ーーーーーーーーーーーーーーーーーーーーーーーーーーー


 12時、昼食。ちなみに昼休みという概念はない。


 12時半、エリスは本来はここで『マーズメルティ』に移動し、店の営業を管理する。


 だがアイトは男のため、その仕事はカンナに任せた。エリスがいない間はカンナが店のオーナーを務めることになった。


 今の時点で、まだ半日。だがアイトは既にくたびれていた。




 17時、会議。その日の活動の成果を確認。そして今後の方針を立てる。


 こうして、予定が()()()日のスケジュールが終わる。



   (エリス、普段からこんなことしてたのか!?)



 アイトは、これまで行ってくれていたエリスに心の底から感服するのだった。




 それからさらに3日。少しずつだがアイトは着実に慣れ始める。


 (ふぅ〜、忙しい)


 午後2時、王都南地区。


 今日は『マーズメルティ』の営業確認のためアイトは足を進めていた。


 店の近くに差し掛かると、とある光景が目に入る。


 「君、1人〜? 俺らと遊ばない!?」


 「面白い所、知ってるぜ〜」


 「え、あ、あの」


 大男2人に言い寄られている灰色髪の少女。少女は話せないほど緊張している様子だった。


 (あの〜。店の近くでそんなことしないで欲しい)


 アイトは仕方なく右手を広げて、魔法を発動する。


 「【ノア・ウィンド】」


 空気中にボールが作られ、振動属性と音属性魔力がボール内で幾度にも反射する。そして外側に幻影魔法を発動し、作り出したボールを見えなくする。

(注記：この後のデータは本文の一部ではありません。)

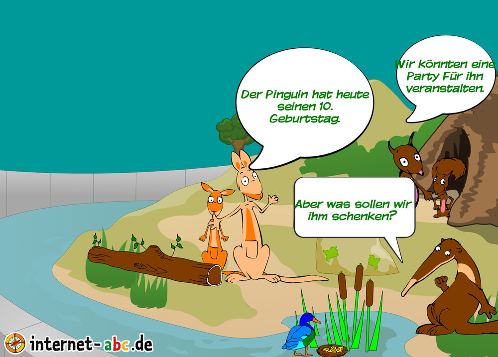 Die Tiere im Zoo wollen für den Pinguin eine Party organisieren, da dieser heute Geburtstag hat. Doch sie wissen leider nicht, was sie ihm schenken sollen.
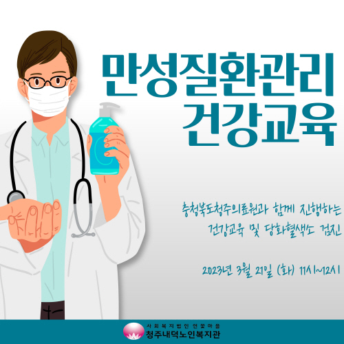 2023년 3월 21일(화) 11:00~12:00 복지관 2층 으뜸방에서 건강생활지원사업으로 만성질환관리 건강교육을 진행하였습니다.
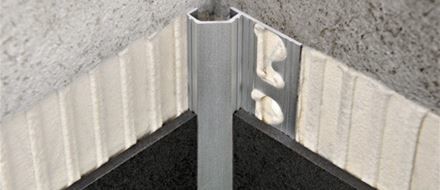 A profile for protecting the edges and corners of thin wall coverings. A square profile prevents chipping of the tile edges.
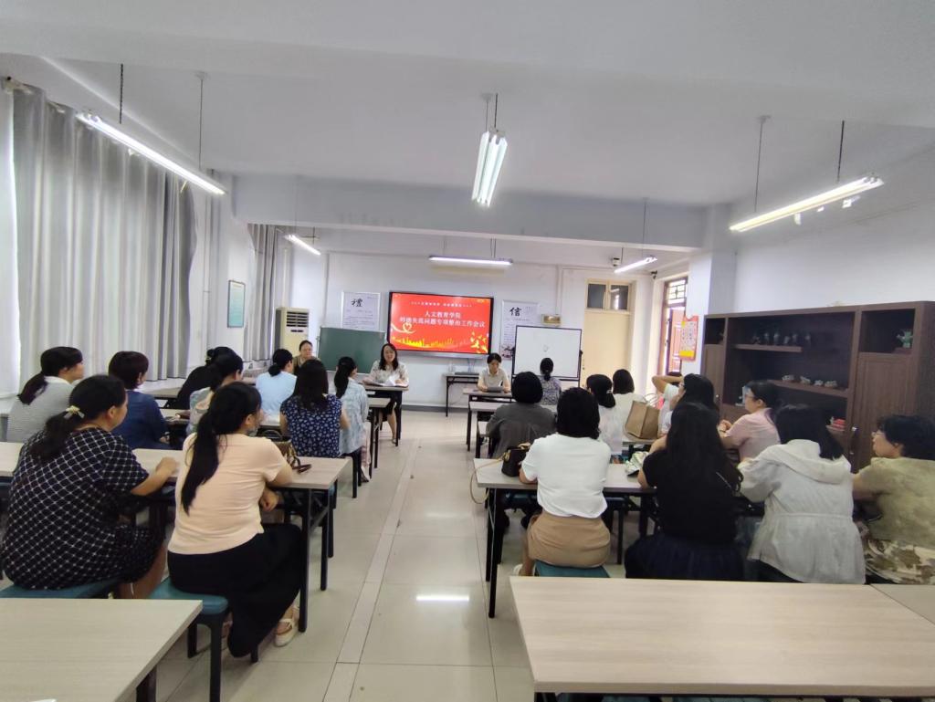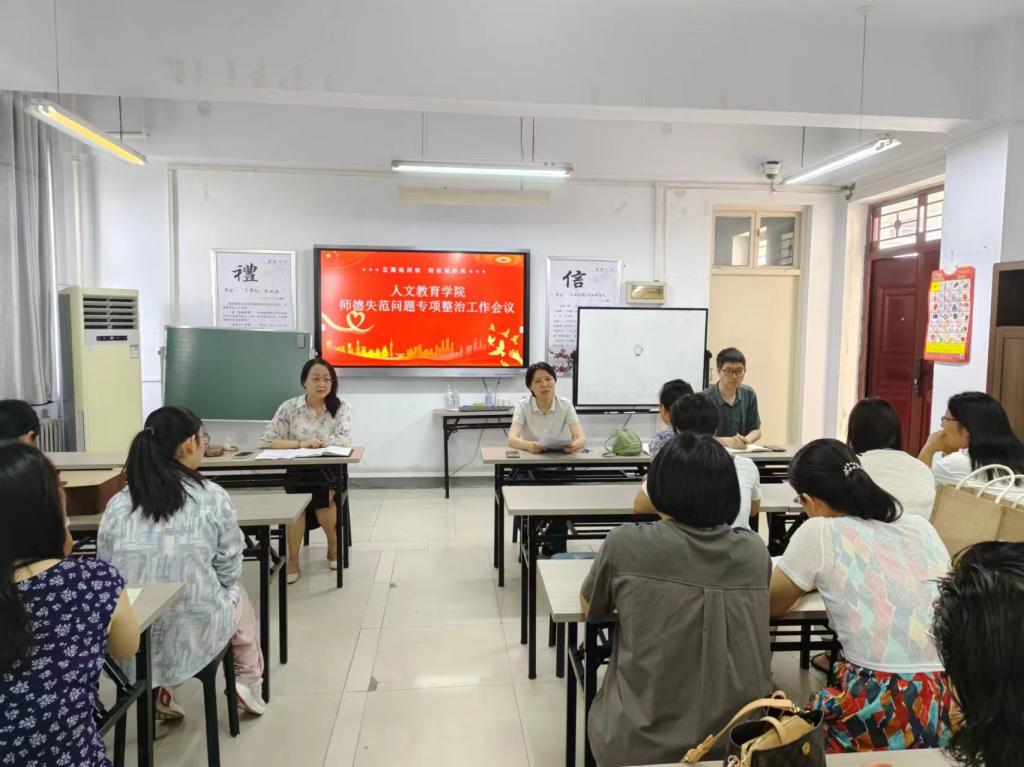 为全面提升师德师风建设水平,贯彻落实上级部门和学校关于师德失范问题专项整治工作的部署要求,7月8日下午,人文教育学院在科研楼308实训室召开师德失范问题专项整治工作会议,人文教育学院全体教师参加会议。
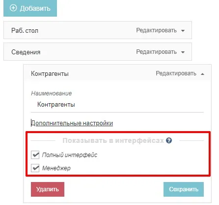 От выбранного «Интерфейса» зависит, какие разделы будут доступны пользователю. Настройка интерфейсов происходит в меню «Настройки» — «Настройка меню».
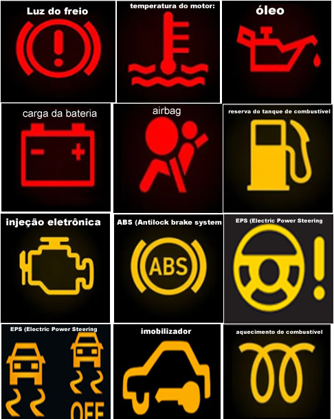 Além das cores, cada luz do painel apresenta um símbolo com um significado diferente e cada figura indicará qual parte do veículo está acionado ou com problemas.

 爆音と共に発射されたボールが1人の大男に命中して破裂。耐え難い騒音によって男はその場に倒れる。


 「うるさっ!? な、なんだ!?」


 残った男が動揺している隙に、アイトは走りながら少女の腕を掴み、逃走する。


 「走って!!」


 「え、えっ‥‥‥!?」


 男は追ってこなかった。アイトたちは人目の少ないところまで走った。


 「大丈夫?」


 ホッと息をついたアイトは少女から手を離す。少女は顔を上げない。


 「? あの、大丈夫?」


 「ふっ‥‥‥ええ。平気よ」


 さっきの様子から一変、少女はすらすらと話し出す。アイトはかなりの違和感を感じていた。

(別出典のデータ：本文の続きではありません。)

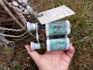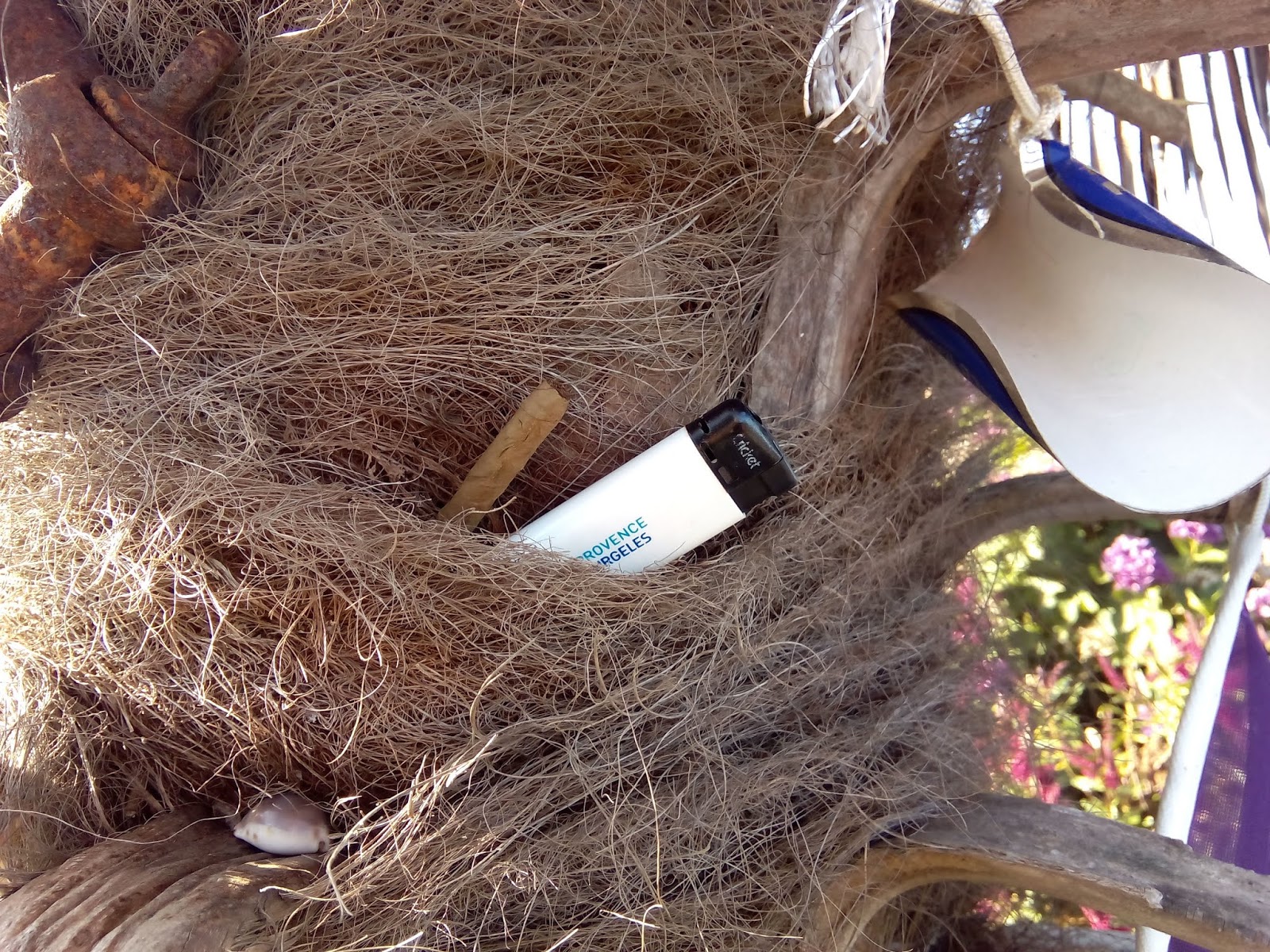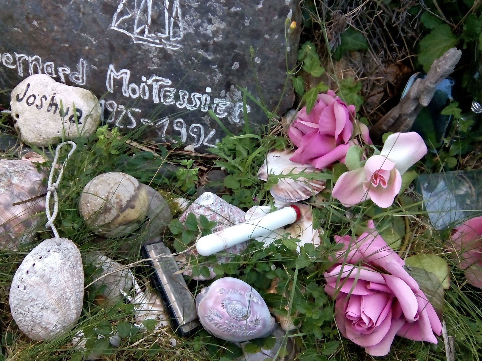 Nada más. Entre tanto mármol aquella tumba era el mejor homenaje posible a un personaje modesto como él. Se veía que esa tumba había sido un lugar de peregrinación de sus fans, que le habían ido dejando regalos modestos pero llenos de significado sentimental y relacionados con el mundo marítimo. Había allí, esparcidos por el suelo y colgados de la palmera, anclas, prismáticos, caracolas grabadas, una armónica, grilletes, cornamusas, puros y cigarrillos con su mechero (Bernard era un fumador empedernido y claro, murió de cáncer de pulmón), collares hechos de conchas, un farol de queroseno, poleas, recortes de fibra de vidrio de reparaciones hechas en veleros, tallas de madera, una botellita con agua del Cabo de Hornos, etc.:

 改めて確認すると髪の色は灰色、髪型はレイヤーボブ。そして目鼻立ちが整っていて、身長は平均。


 ミステリアスという言葉が似合う少し大人びた少女。年齢は自分と同じくらいだとアイトは感じた。


 「あなた、優しいのね」


 「え? 別に普通じゃない?」


 「ぷっ、あははははっ」


 アイトの返事に少女は笑い出す。笑い終え、口を開く。



    「こんな甘い男が組織のトップだなんて」



            「はっ?」



   アイトは何を言われているか理解できなかった。


 バカにするように笑った彼女が懐から取り出したのは、アイトにとって見覚えのあるもの。



          「ね? 天帝レスタ?」



       ヒビの入った、レスタの仮面だった。



        「!? な、なんでそれを」



       「あ、自己紹介がまだだったわね」



      面白かったのか、少女はニヤリと笑う。



  「ゴートゥーヘル。最高幹部『深淵アビス』、第六席よ」



  魔闘祭の一件で、天帝は失態を刻んでしまっていた。



     大きすぎる力、その覚醒の代償として。